To alleviate the financial burden on hospitalized patients, various healthcare insurance systems exist in different countries [7]. In Korea, there is a system known as the National Health Insurance Service (NHIS) program. The entire Korean population can receive financial support through the NHIS [8], which has been updated annually since its inception in 1977. One of the most important updates of the NHIS was implementation of the health insurance benefit extension policy, which targets patients with rare incurable disease such as hemato-oncological, cardiovascular, cerebrovascular, and rare diseases [9]. These benefit items under the health insurance benefit extension policy has provided great financial assistance and its coverage has progressively expanded. A previous study investigated the relationship between the benefit items and the clinical outcomes of patients requiring mechanical ventilation (MV) in intensive care units (ICUs), and reported the usefulness of this policy in ventilated patients [10]. However, this study was performed at a single center and the etiology of the patient population was highly heterogeneous.

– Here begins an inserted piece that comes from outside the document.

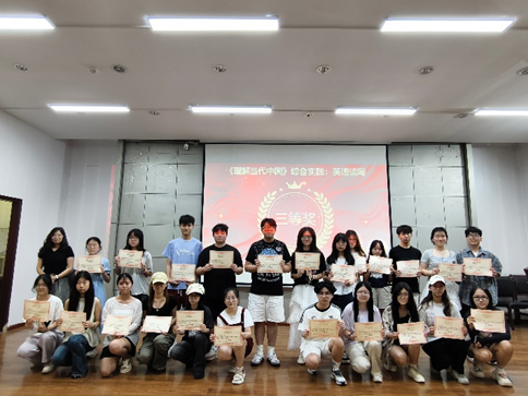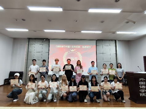 推进《习近平谈治国理政》多语种版本“三进”工作的创新性教学改革实践。该课程通过项目式教学,以《理解当代中国:英语读写教程》相关主题为线索,引导学生以小组合作的形式在人工智能辅助下进行数字多模态英语写作,以全英文视频成果讲述中国故事。本次活动集中展示了2024级英语专业共18个小组的原创视频作品,展现了当代大学生对于“美丽中国”、“中国青年之使命”、“高质量发展”等十大主题的理解,从多角度诠释中国故事。经现场评委老师打分与学生同伴互评,最终评选出各等奖项。

In the critical care field, the utilization of big data has emerged as a powerful tool for comprehensive analyses. The NHIS database provides extensive patient data, covering patients’ demographics, treatment modalities, and outcomes [11]. Based on analysis of big data from the NHIS database, we hypothesized that the health insurance benefit extension policy may be beneficial for critically ill patients.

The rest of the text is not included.